The garrison at Calais was bustling with mercenary soldiers; paid warriors in the employment of Edward III, waiting for the campaign to begin. The mercenaries – mostly from Germany – were bored, hungry and impatient for the arrival of the English army. After weeks of no pay, they began to cause anarchy at Calais, using up precious supplies and fighting amongst themselves, as well as attacking English soldiers reluctantly sharing the garrison with their German counterparts.8 Henry, Duke of Lancaster, was the first of the invasion force to land, and he was appalled to find Calais in complete disorder. The mercenary force could not be controlled directly, and was best utilised raiding, which would at least distract the men from their late payments. Henry quickly led the force outside the confines of Calais and into the countryside, where they could relieve their frustrations by looting, burning and pillaging. The force tore through Picardy, destroying Cambrai and St Quentin, but despite ongoing attempts at plunder, the area provided little loot. This land, where people would ordinarily be seen farming, selling goods or travelling, now lay empty and eerily still. The raiding party marched through ghost towns, getting a regular drenching as heavy black clouds loomed over it with dreary persistence. For soldiers, the attraction of war came in the promise of plunder; for mercenaries even more so. When they set about pillaging the French towns and villages, the soldiers were invariably disappointed to find that the local people had nothing left to be stolen. Towns as far as Arras – around one full day’s march from Calais – had been emptied: raiding turned out to be a fruitless exercise.
Whilst Henry, Duke of Lancaster, was occupied trying to corral the fractious mercenary element, Edward and his sons prepared to depart from England. The sheer scale of the operation had unsurprisingly delayed plans to set sail in the summer. Finally, in October 1359 – after the King had wrapped up his remaining affairs at home – the royal party boarded the ship Philip of Dartmouth in Sandwich and set sail for Calais.9
When the King arrived with his sons, they met with the Duke of Lancaster outside Calais. The delay had been far from ideal. Edward’s tardiness set the tone for what would be a long, cold and exhausting campaign, tramping through the French countryside in the middle of winter. But now the grand eastern march inland to Reims could begin, and it was agreed to split the army into three formations in order to preserve supplies, led by the Duke of Lancaster, the Black Prince and the King.10 John of Gaunt accompanied his brother and they planned to rejoin Lancaster and Edward outside Reims. As part of Lionel of Antwerp’s household, Geoffrey Chaucer went on this campaign too. It is likely that Lionel also marched with the Black Prince, putting Chaucer in the same division as Gaunt.11
According to Jean le Bel, the King left Calais almost immediately, ‘with the finest supply train ever seen’. Around 6,000 wagons, stretching four miles, were dragged 200 miles through the mud towards Reims, carrying everything from grain for bread to the ovens to bake it. Edward was doggedly determined not to be forced back by the French due to lack of nourishment for his army. Even so, it was now a winter campaign, which instantly placed more pressure on the supplies brought over from England. Hungry troops searched the area for food, but, as they moved through the country, they faced the same situation as the German mercenaries at Calais: little sustenance and few people. The French had anticipated attack and those who could sought shelter in garrisoned castles and churches. Others fled.

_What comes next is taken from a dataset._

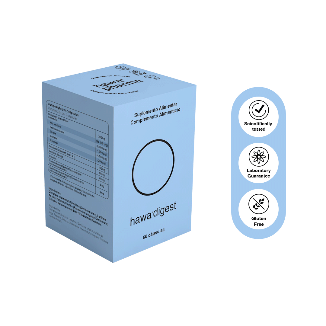 60 Cápsulas - A digestão é o processo que transforma os alimentos em compostos mais pequenos, facilmente assimiláveis ou degradáveis. Durante a decomposição podem surgir algumas dificuldades metabólicas, que originam digestões difíceis, levando a sintomas desagradáveis. Hawa digest apresenta-se como um suplemento de apoio na melhora do desconforto digestivo. Tem na sua composição um complexo de Enzimas digestivas, Fitoterapia de uso tradicional transmitido através de gerações e Óleos essenciais microencapsulados que elevam esta fórmula a um nível excecional. Recomendações: Transtornos digestivos.

The Black Prince and John of Gaunt – en route to Reims – searched for opportunities for easy plunder among the poorly protected small castles that littered France. Plunder of civilian property was ever a consequence of war: unfortunate and utterly predictable. To hungry soldiers, everything was fair game. All forms of property were stolen: plate (household objects made of gold or silver), food, wine, cloth, weapons and livestock. The impact of the English invasion can be seen in the petitions to the King of France from his desperate subjects: they escalated, begging for better protection against the armed raids. It was the local people – labourers, clerics, peasants, women and children – forced to live in occupied territory, who suffered the worst consequences of the war.
After a slow and cumbersome march, the English finally reached the holy city of Reims in early December. Exhausted by the journey, the Black Prince established a base for his men at the monastery of Saint-Thierry, where they rested, anticipating that the gates of Reims would soon be flung open. The King himself was camped at the Abbey of St Basle, in nearby Verzy, a wine-making village, which in the summer was rich with thick vines and red grapes.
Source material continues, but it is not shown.